Exercise description: Restate the listing below word for word, pictures excluded.

Given data:
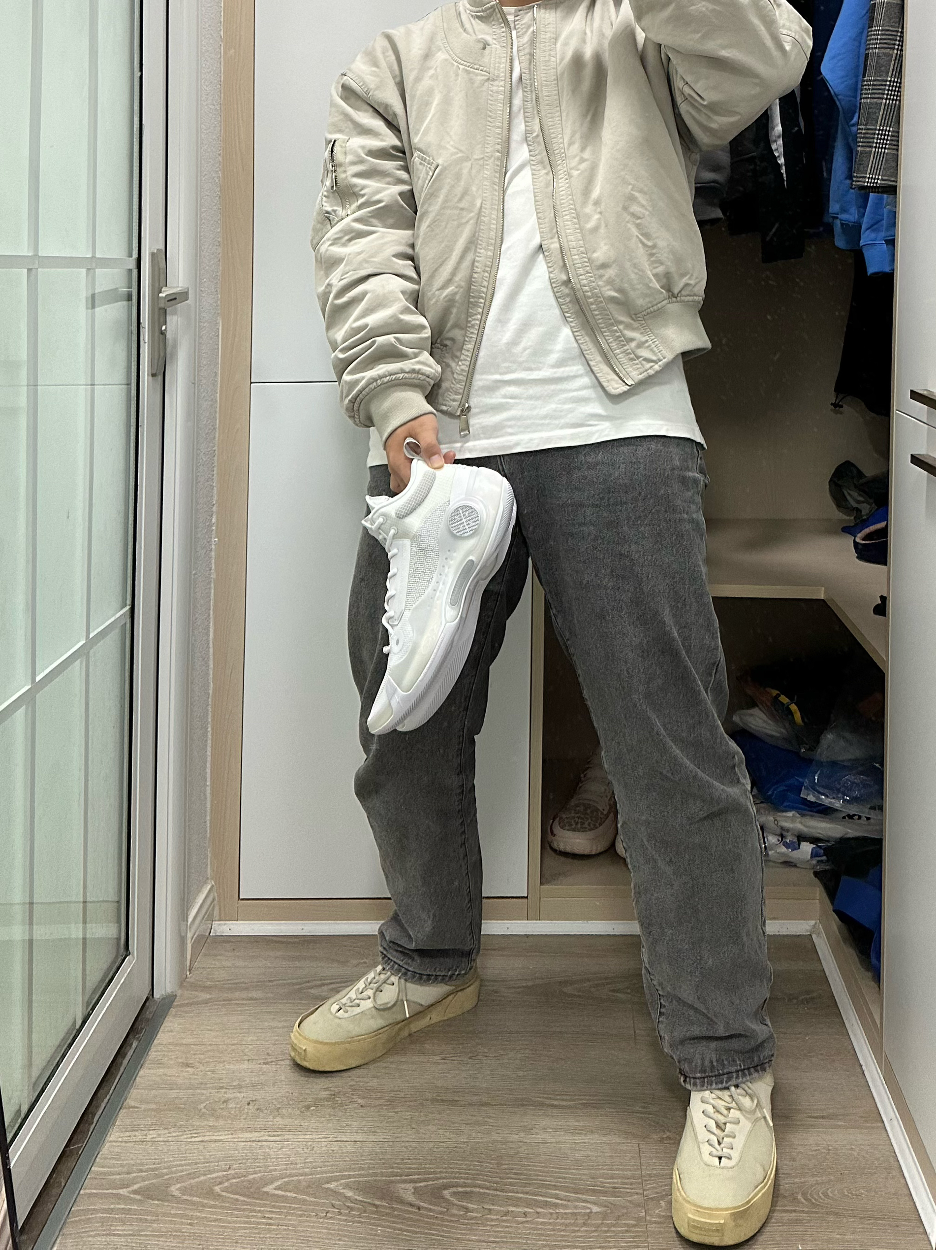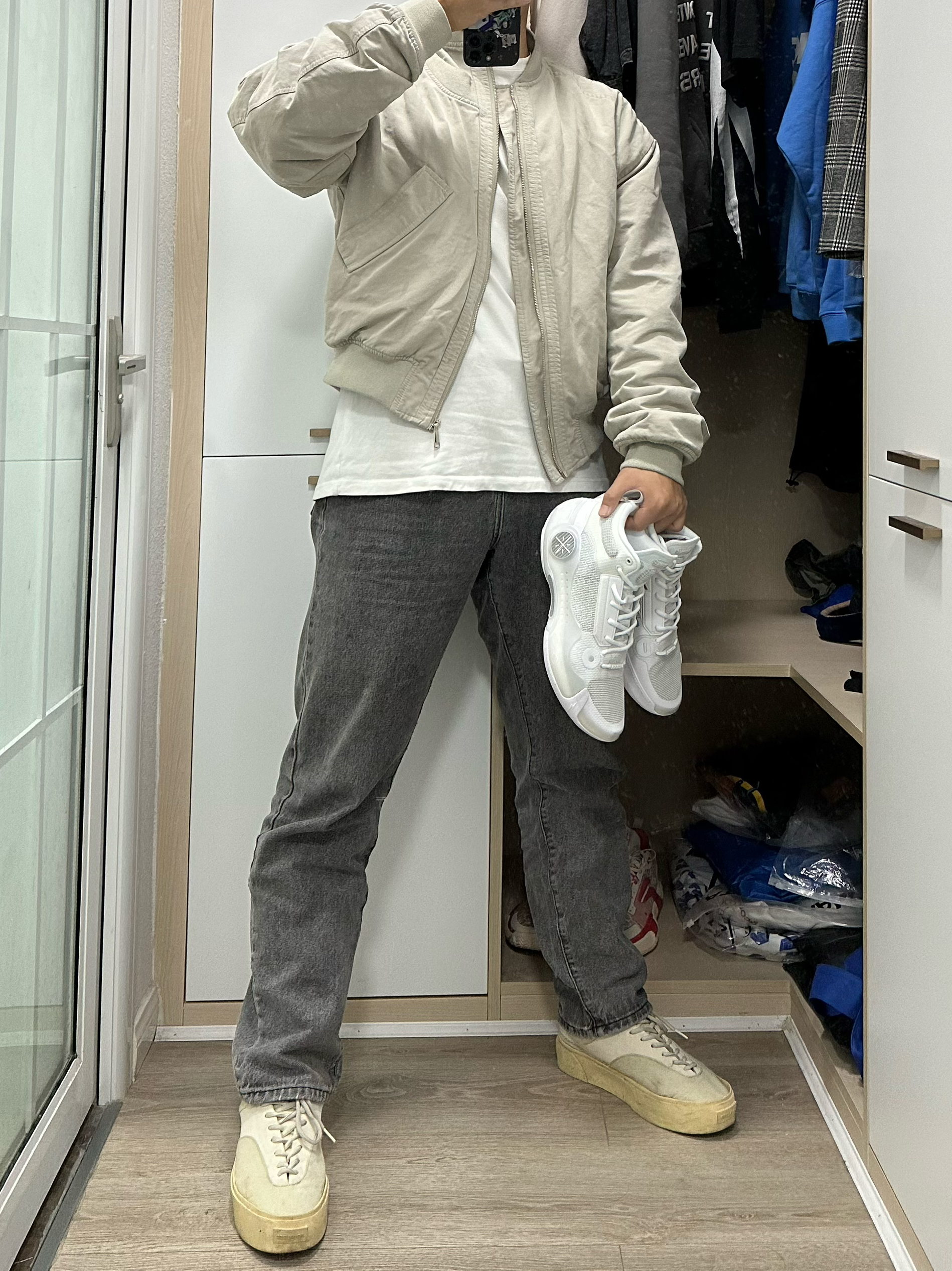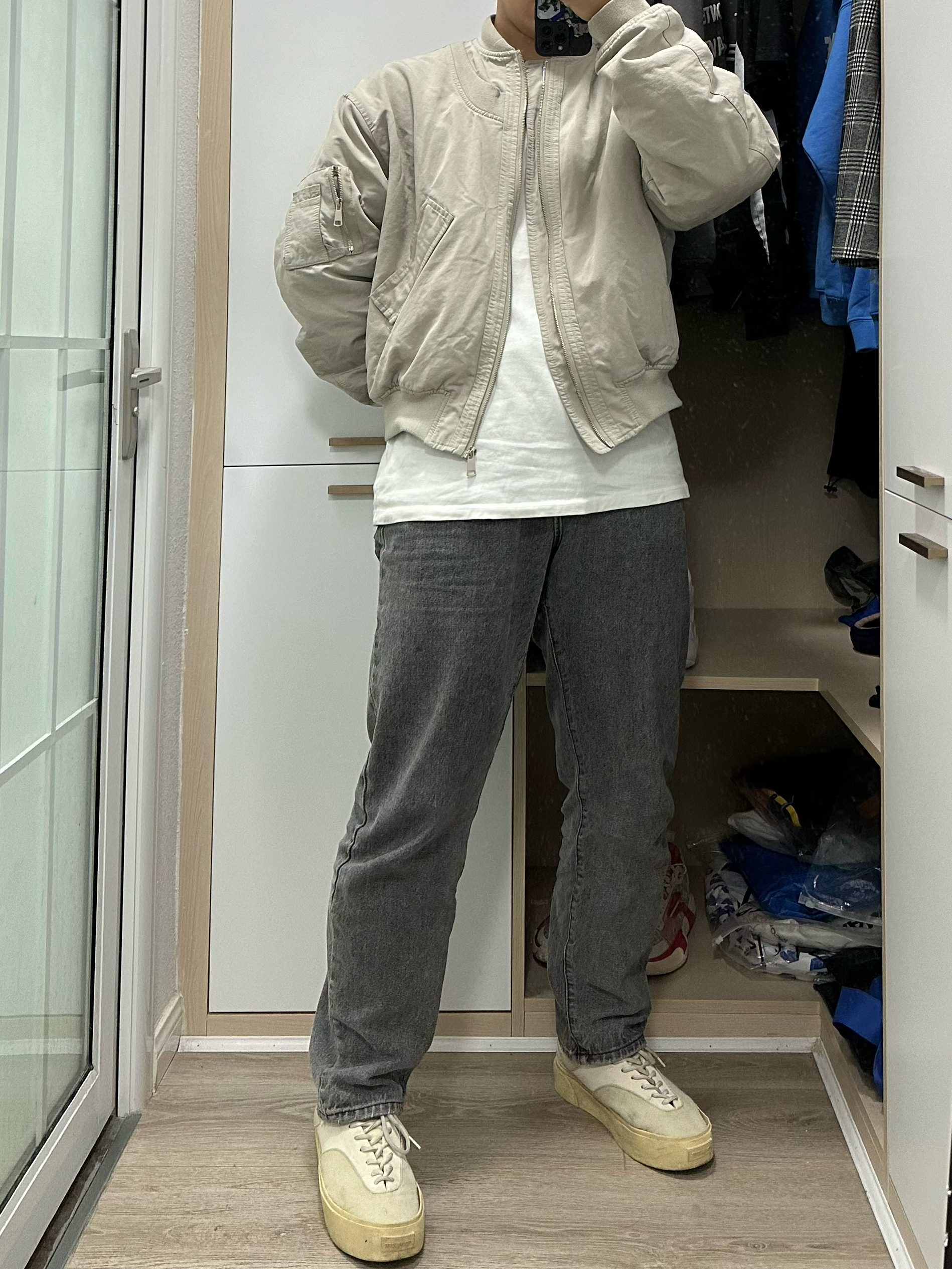 🍂秋日来临,大家一定要尝试一下夹克! ☁️短款夹克可以不仅修饰身材还很帅! 🔥浅色夹克配上深灰色裤子,呼应脚上的板鞋,这个季节就应该穿饱和度高的颜色!白色内搭作为点缀,让整个人显得特别干净简约! 👔:Banditk Gangn夹克 👖:Chinism水洗灰牛仔裤 👟:Equalizer Fault 错版鞋 🫰每个人都有自己的风格,那么对于穿搭的理解也自然不相同。如果你喜欢的话,记得点赞加关注...
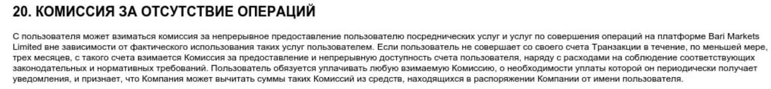 Пользовательское соглашение на сайте скам-брокера БАРИ Маркетс
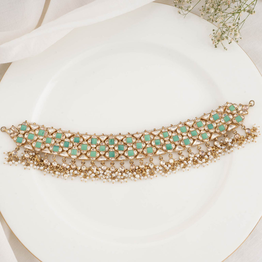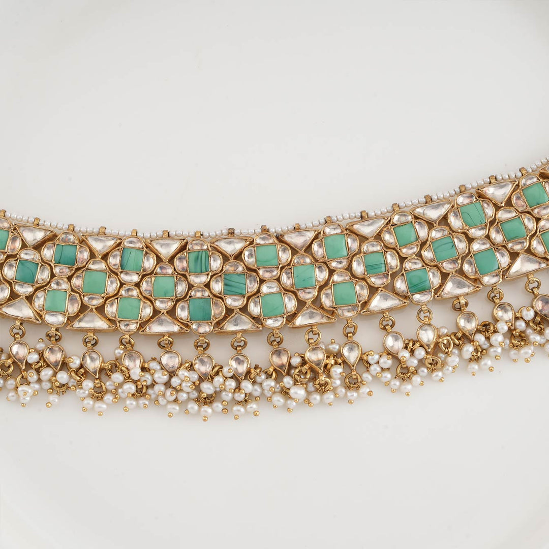 This 92.5 Silver, 24 kt Gold-Plated Necklace is adorned with Semi-precious Kundan Stones for a luxurious aesthetic.

Result:
 🍂秋日来临,大家一定要尝试一下夹克! ☁️短款夹克可以不仅修饰身材还很帅! 🔥浅色夹克配上深灰色裤子,呼应脚上的板鞋,这个季节就应该穿饱和度高的颜色!白色内搭作为点缀,让整个人显得特别干净简约! 👔:Banditk Gangn夹克 👖:Chinism水洗灰牛仔裤 👟:Equalizer Fault 错版鞋 🫰每个人都有自己的风格,那么对于穿搭的理解也自然不相同。如果你喜欢的话,记得点赞加关注...
 Пользовательское соглашение на сайте скам-брокера БАРИ Маркетс
 This 92.5 Silver, 24 kt Gold-Plated Necklace is adorned with Semi-precious Kundan Stones for a luxurious aesthetic.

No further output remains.